Please write out only the lines from the line with "Сегодня в Белой" to the line with "Костюм Хлоя состоит", inclusive, exactly as they stand below, without the pictures.

### DATA FOR REVIEW

=== Section Start ===

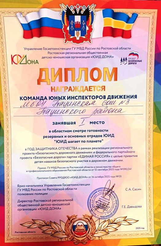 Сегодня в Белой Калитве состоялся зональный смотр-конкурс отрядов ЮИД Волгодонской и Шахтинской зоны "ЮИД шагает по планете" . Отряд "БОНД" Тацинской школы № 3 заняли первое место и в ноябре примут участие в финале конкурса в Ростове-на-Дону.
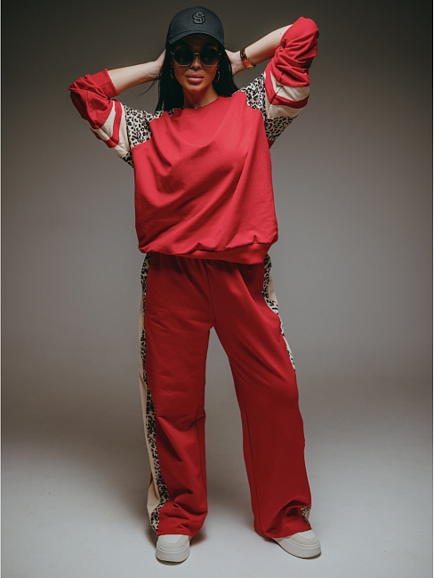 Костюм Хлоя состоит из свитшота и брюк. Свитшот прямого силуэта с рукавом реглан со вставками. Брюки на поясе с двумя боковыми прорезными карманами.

=== Section End ===
=== Section Start ===

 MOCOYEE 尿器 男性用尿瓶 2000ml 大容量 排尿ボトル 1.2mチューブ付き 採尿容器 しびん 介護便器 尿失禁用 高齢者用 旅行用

=== Section End ===

### WRITTEN SOLUTION
 Сегодня в Белой Калитве состоялся зональный смотр-конкурс отрядов ЮИД Волгодонской и Шахтинской зоны "ЮИД шагает по планете" . Отряд "БОНД" Тацинской школы № 3 заняли первое место и в ноябре примут участие в финале конкурса в Ростове-на-Дону.
 Костюм Хлоя состоит из свитшота и брюк. Свитшот прямого силуэта с рукавом реглан со вставками. Брюки на поясе с двумя боковыми прорезными карманами.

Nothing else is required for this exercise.